The paper gives this a name that is worth sitting with: self-evolving. Not self-improving in the abstract sense of a model getting better weights, but self-evolving in the operational sense: the agent's repertoire of validated procedures grows over time, driven by actual production traffic, and the agent becomes more capable at its job not by being retrained but by becoming more knowledgeable about its own domain.
There is a question lurking underneath the engineering results, and the paper does not quite answer it. When does an agent become less like a programmer and more like a craftsman?
A programmer starts fresh every time. A craftsman has a workshop. They have tools they have made, refined, and kept sharp.
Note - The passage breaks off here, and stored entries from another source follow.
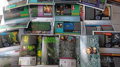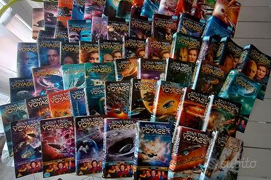Lotto di ben 59 splendide copertine/datalog originali delle videocassette VHS inglesi di importazione della strepitosa serie Star Trek Voyager, ideali per trekker collezionisti e per pareti decorative per fan: ogni copertina, con eccezionali stampe a colori di qualità su entrambi i lati, comprende descrizioni informative (datalog) IN INGLESE di personaggi, contenuti, oggetti e storie del mondo di Star Trek Voyager, con riferimenti anche a The Next Generation; il lotto comprende anche due rarissime copertine delle edizioni speciali di Voyager (episodi concatenati o estesi: Dark Frontier, Endgame, Tsunkatse).
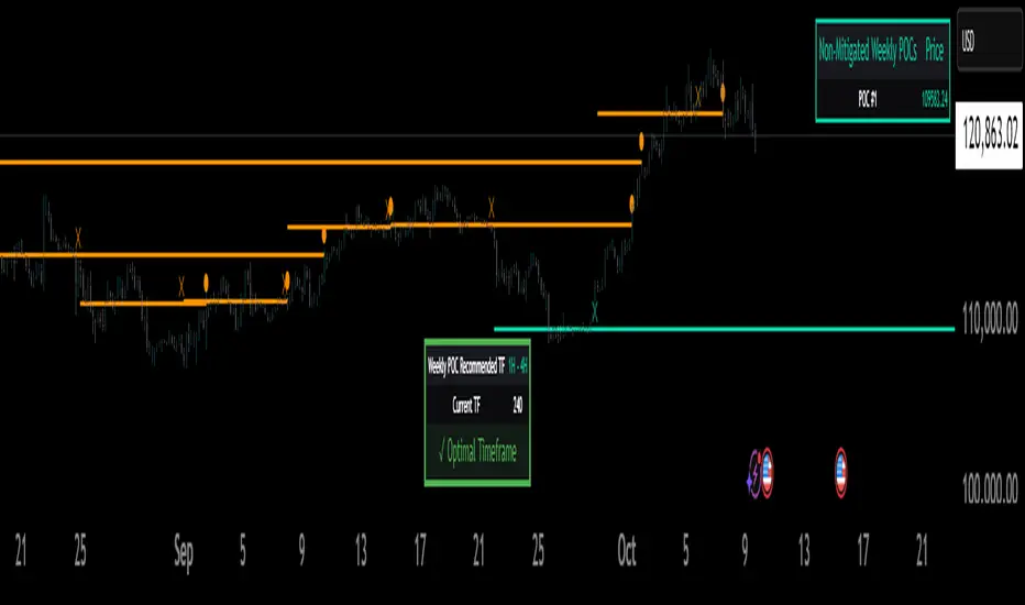 "●" Dot (Mitigation Point): Appears when price retests a POC level (High ≥ POC ≥ Low, or close within 10% of bar range). Virgin POCs (VPCs)—POCs not yet revisited—are even stronger price attractors than regular POCs, acting like gravitational pull that increases as price approaches.
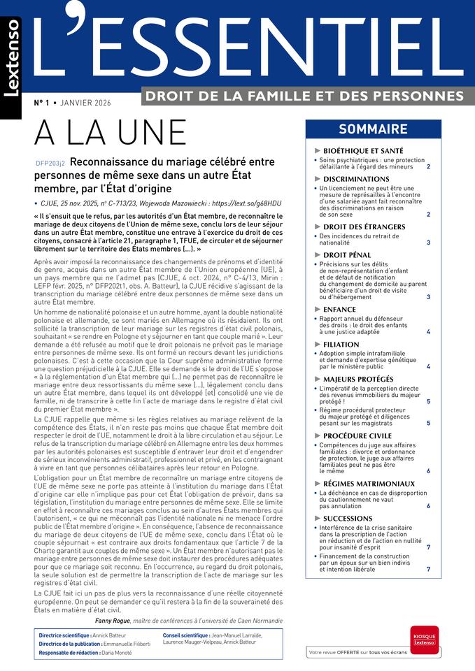 Reconnaissance du mariage célébré entre personnes de même sexe dans un autre État membre, par l’État d’origine
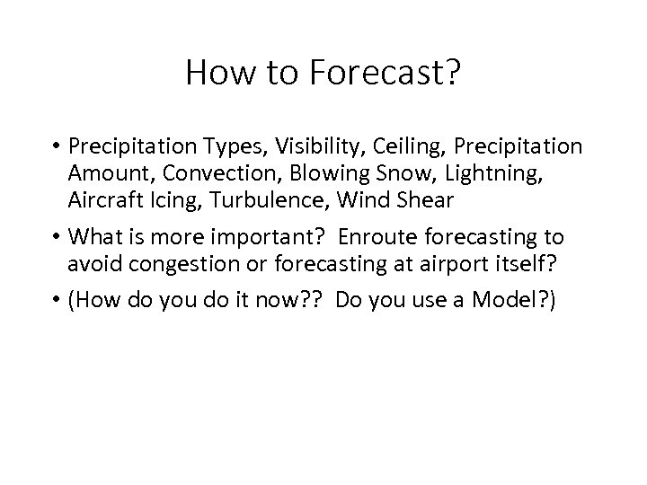 How to Forecast? • Precipitation Types, Visibility, Ceiling, Precipitation Amount, Convection, Blowing Snow, Lightning, Aircraft Icing, Turbulence, Wind Shear • What is more important? Enroute forecasting to avoid congestion or forecasting at airport itself? • (How do you do it now? ? Do you use a Model? )
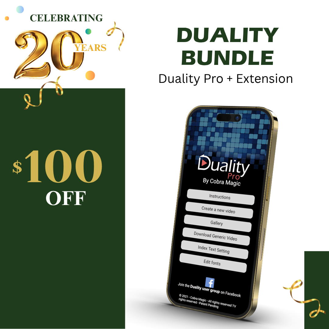 - Duality Transmitter: Incorporate live updates directly into your pre-recorded videos with the Duality Transmitter app. This tool allows for the seamless integration of new information, making each show unique and interactive.     The Duality Transmitter is an extra application through which you can transmit any kind of information (text, drawing, or picture) to the Duality Video Player while the video is playing. Use an assistant to do the dirty work for you - leaving you totally free to perform.
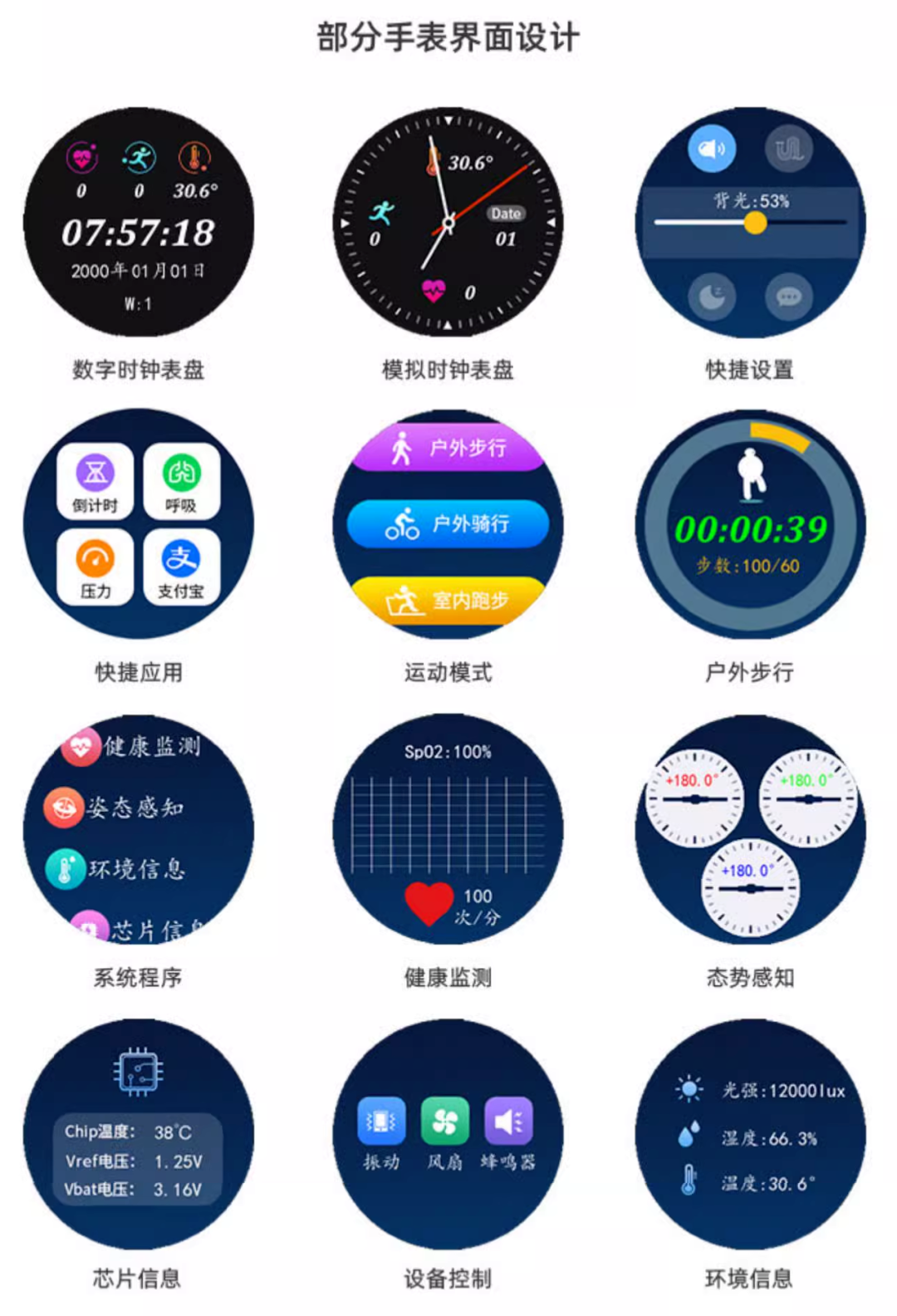 - 健康监测:表盘页面显示心率、步数、温度、日期等信息。

They recognize the situation, reach for the right tool, and use it without needing to re-forge it from ore.
The tool-making pipeline is, among other things, a description of what it looks like when an AI agent starts building a workshop. The workshop is the set of validated, versioned tools. The craftsman is the production agent that knows which tool to reach for and when to build a new one.
Whether this constitutes something genuinely like learning, or merely like adaptation, depends on what you think learning is. The paper does not settle that question — and fairly, because the engineering question is hard enough without settling the philosophical one. But the trajectory is worth noting: agents that get better at their job not by being retrained but by accumulating and refining their own tools, over time, in production.
In a civilization of a million AI agents, tool-making is how you turn individual capability into collective infrastructure. When one agent builds a tool and it works, that tool can be versioned, tested, and deployed to every agent that handles the same class of task. The SOP that took an hour to execute the first time takes seconds the thousandth time, because the agent no longer has to derive it — it just calls the tool.
This is, in a sense, the answer to the question every large-scale AI deployment eventually faces: how do you prevent a million agents from each independently making the same mistakes, re-deriving the same procedures, and regenerating the same code? You give them a way to stop. You give them a workshop.
The paper's authors are candid that this is early work. The alarm-triage domain is controlled. The backends are monitored. The labeled cases are available for repair. In a less structured environment, tool-making may be harder to operationalize. But the direction is clear, and the results in the domains where it has been tried are substantial enough to suggest it is not a one-time trick.
When agents start making their own tools, something changes about what it means for them to do a job. The job stops being a sequence of derivations and becomes something closer to practice. And practice, as any craftsperson knows, is how you get good.
Paper: Kujanpää, K., Liu, N., Alam, S., Sura, Y. R., Yang, T., Klinkner, S., & Malmasi, S. (2026). Tool-Making and Self-Evolving LLM Agents in Low-Latency Systems. arXiv:2607.08010. Submitted July 9, 2026.
Image: Generated with Gemini 3 Pro. Prompt available on request.